What to produce.
With the pictures left aside, write out exactly the lines of the listing below from the line with "- Диаметр слива - 52 мм" to the line with "Общая длина 112", both included, and only those.

Given records.

• • • •

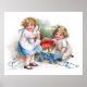 Un bello afiche vintage con dos lindos chicas jugando con conejillos, pintado por la ilustradora/artista comercial estadounidense Ellen Hattie Clapsaddle.
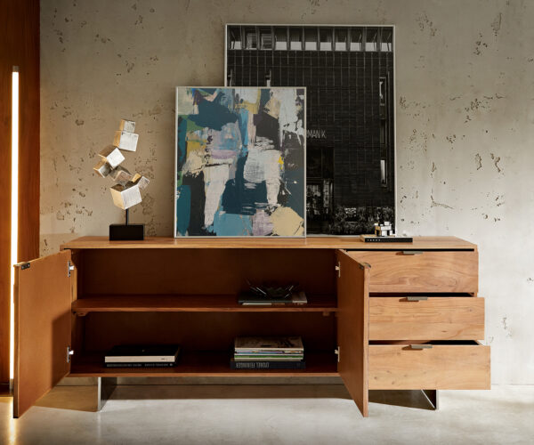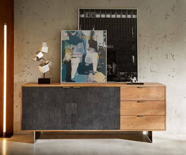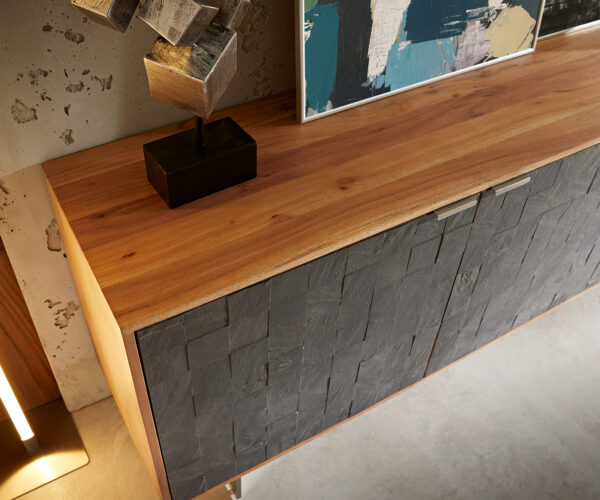 A Teele kollekcióból származó elegáns komód designjának középpontjában a válogatott masszív fa és a mozaikkő kombinációja áll. Az eltérő felületi struktúrákat a természetes anyagok kontrasztos, kifejező színei emelik ki hangsúlyosan. A rozsdamentes acélból készült fogantyúk és lábak fényes akcentusokat adnak, és modern módon egészítik ki az ízléses dizájnt.
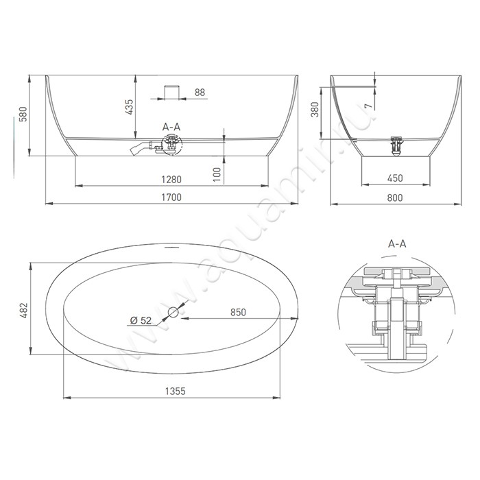 - Диаметр слива - 52 мм
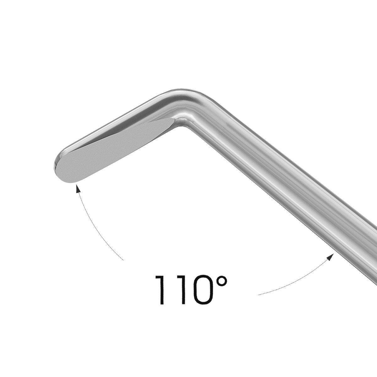 Общая длина 112 мм - Стальной кончик длиной L = 1.25 мм от кончика до сгиба - Круглая титановая ручка Ø5 мм
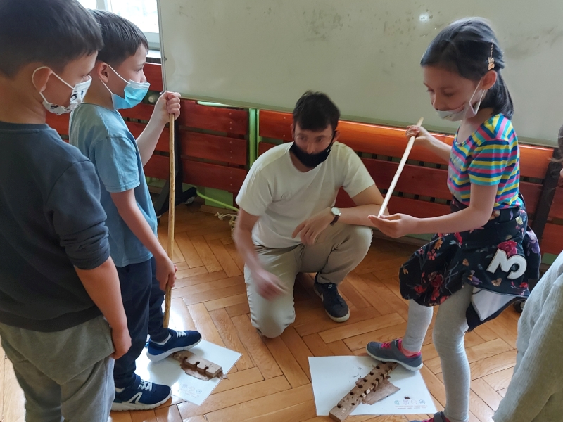 W dniach 17 – 18.05.2021r. w klasach 1 – 3 odbyły się warsztaty archeologiczne. Zajęcia prowadzone przez panią Pawła wprowadziły uczniów do świata archeologii (nauki o przeszłości człowieka) i związanych z nią podstawowymi terminami i zasadami. Podczas zajęć dzieci zobaczyły specjalnie przygotowaną prezentację oraz ekwipunek archeologa, czyli najczęściej używane przy jego pracy narzędzia, a także „znaleziska”, do złudzenia przypominające muzealne eksponaty. Uczniowie zobaczyli i dotknęli różnych „zabytków”, a także wykonali archeologiczne zadania.
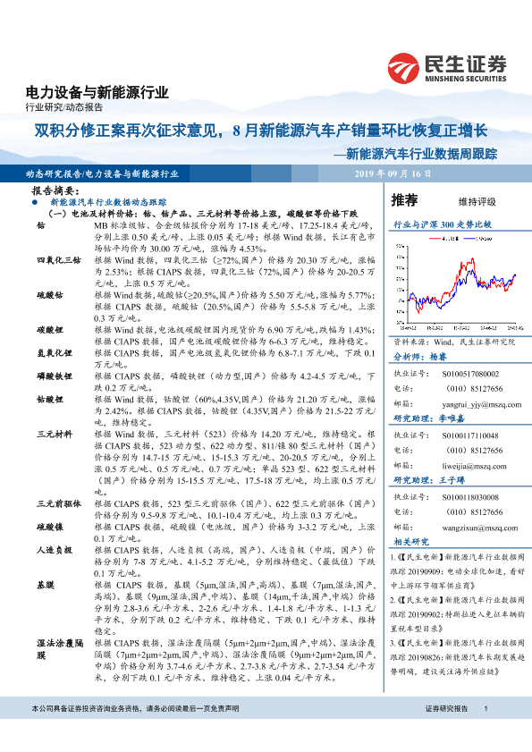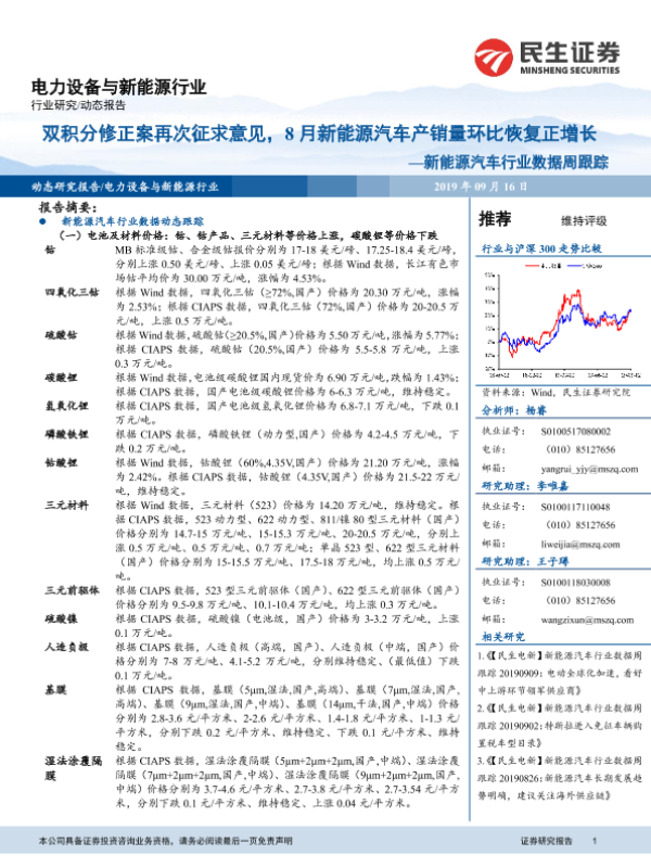 【民生证券】【20190916】20190916-民生证券-新能源汽车行业数据周跟:双积分修正案再次征求意见,8月新能源汽车产销量环比恢复正增-16页

• • • •

Reply.
 - Диаметр слива - 52 мм
 Общая длина 112 мм - Стальной кончик длиной L = 1.25 мм от кончика до сгиба - Круглая титановая ручка Ø5 мм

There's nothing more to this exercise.